◆ **TASK DETAILS**:
Print exactly the lines that run from the one containing "The Wasp WPL205e" to the final line of the data, both included, and print none of the pictures.

◆ **DATA SHOWN**:
^^^^

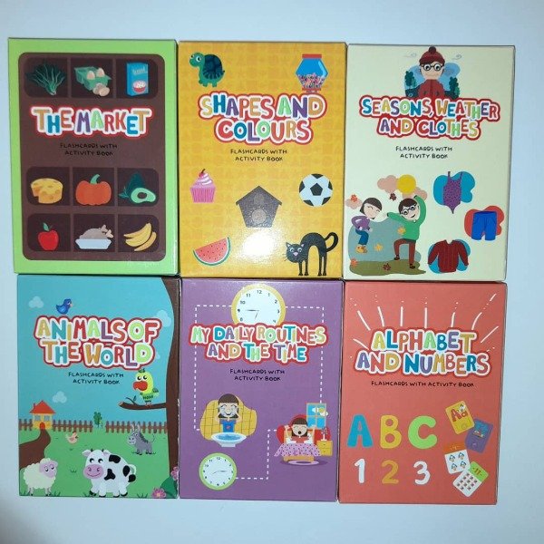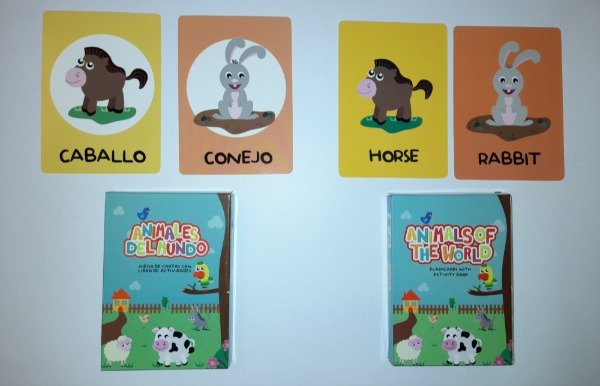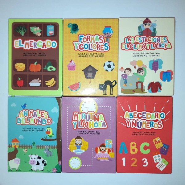 Juegos de cartas con libritos de actividades, cada maso trae 50 cartas laminadas de 12,5cm de alto x 8,5cm de ancho.
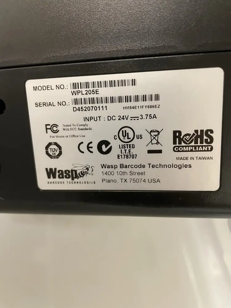 The Wasp WPL205e is a rugged mobile barcode printer designed for office and field environments requiring on-the-go label printing. It uses direct thermal printing technology with a resolution of 203 dpi, producing clear barcodes and text. The device supports multiple connectivity options including USB, Bluetooth, and Wi-Fi for versatile integration. Powered by a rechargeable battery, it ensures extended operation during mobile tasks. The printer supports label widths up to 2.2 inches (56mm) compatible with various label materials. Its compact and durable build makes it suitable for logistics, retail, and healthcare applications.
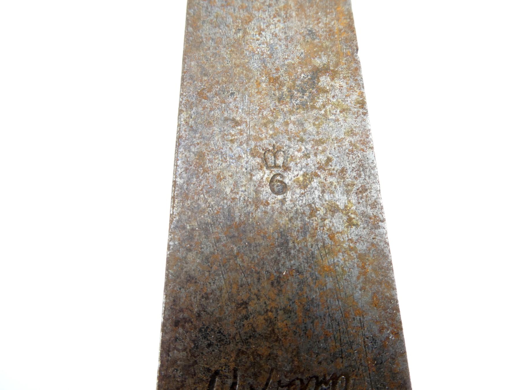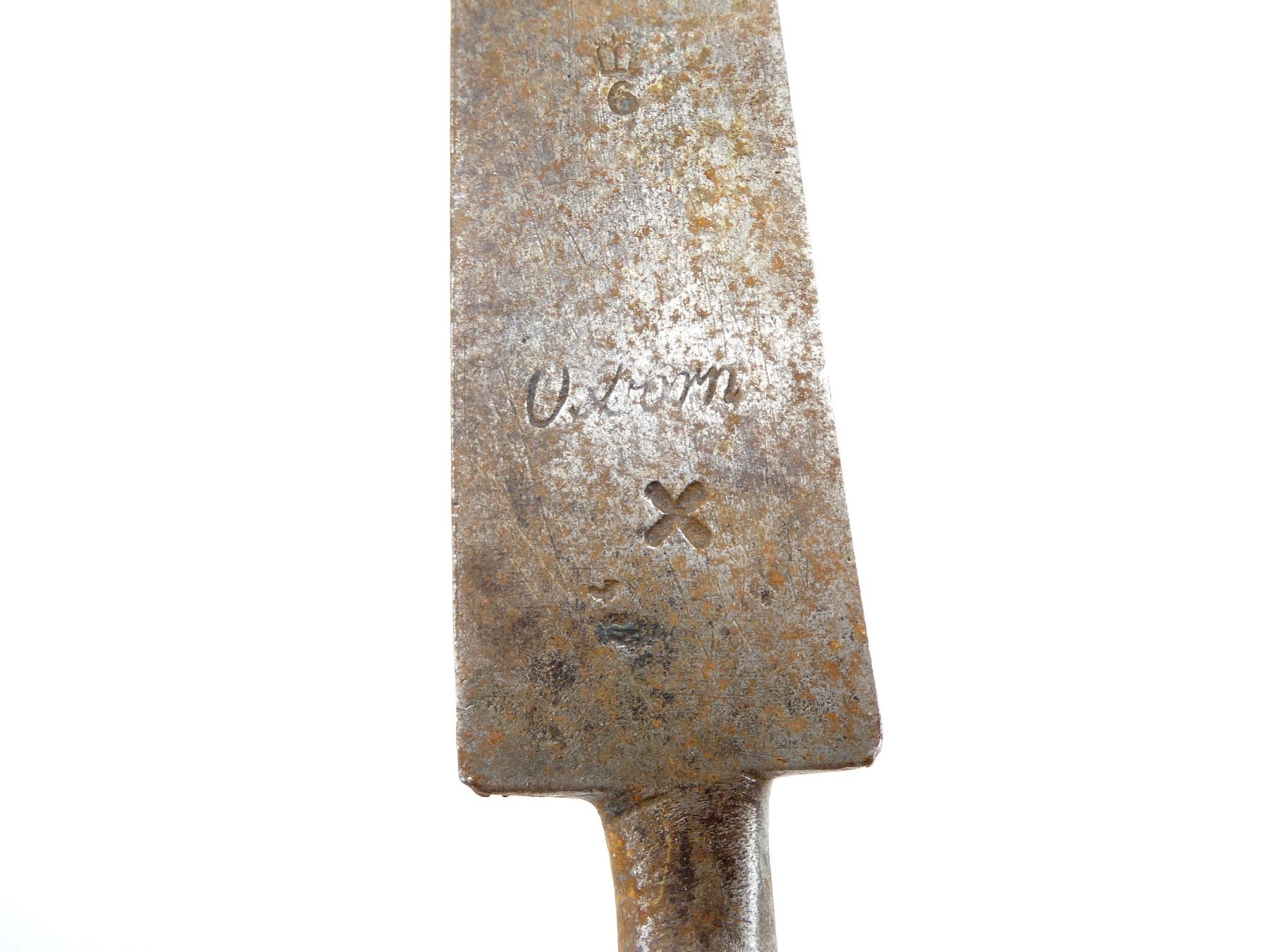 (1) FITS .75 CAL. INDIA PATTERN BROWN BESS MUSKETS, APPROX. 30MM WIDE BLADE, BLADE MARKED: CROWN OVER "6" OVER "OSBORN" OVER "X", NO SCABBARD, MUZZLE RING APPROX. 0.97" DIA., BLADE APPROX. 17" & OAL APPROX. 21 5/8". SEE PHOTOS.
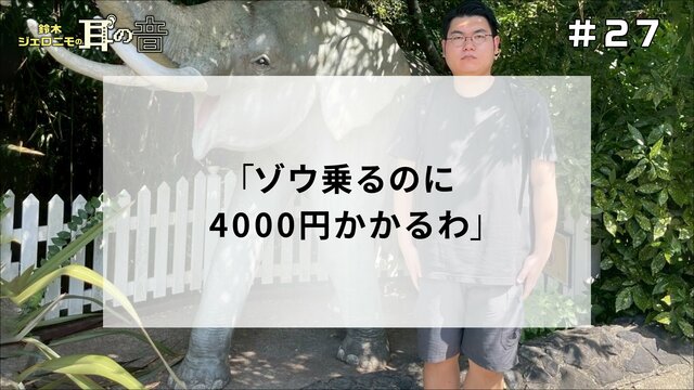「ちょっと一旦戻ろか」。え。なに。どした、どした。受付の手前の、ゲートの方まで戻ってくる。「あかん、ゾウ乗るのに4000円かかるわ」。

^^^^

◆ **EXERCISE SOLUTION**:
 The Wasp WPL205e is a rugged mobile barcode printer designed for office and field environments requiring on-the-go label printing. It uses direct thermal printing technology with a resolution of 203 dpi, producing clear barcodes and text. The device supports multiple connectivity options including USB, Bluetooth, and Wi-Fi for versatile integration. Powered by a rechargeable battery, it ensures extended operation during mobile tasks. The printer supports label widths up to 2.2 inches (56mm) compatible with various label materials. Its compact and durable build makes it suitable for logistics, retail, and healthcare applications.
 (1) FITS .75 CAL. INDIA PATTERN BROWN BESS MUSKETS, APPROX. 30MM WIDE BLADE, BLADE MARKED: CROWN OVER "6" OVER "OSBORN" OVER "X", NO SCABBARD, MUZZLE RING APPROX. 0.97" DIA., BLADE APPROX. 17" & OAL APPROX. 21 5/8". SEE PHOTOS.
「ちょっと一旦戻ろか」。え。なに。どした、どした。受付の手前の、ゲートの方まで戻ってくる。「あかん、ゾウ乗るのに4000円かかるわ」。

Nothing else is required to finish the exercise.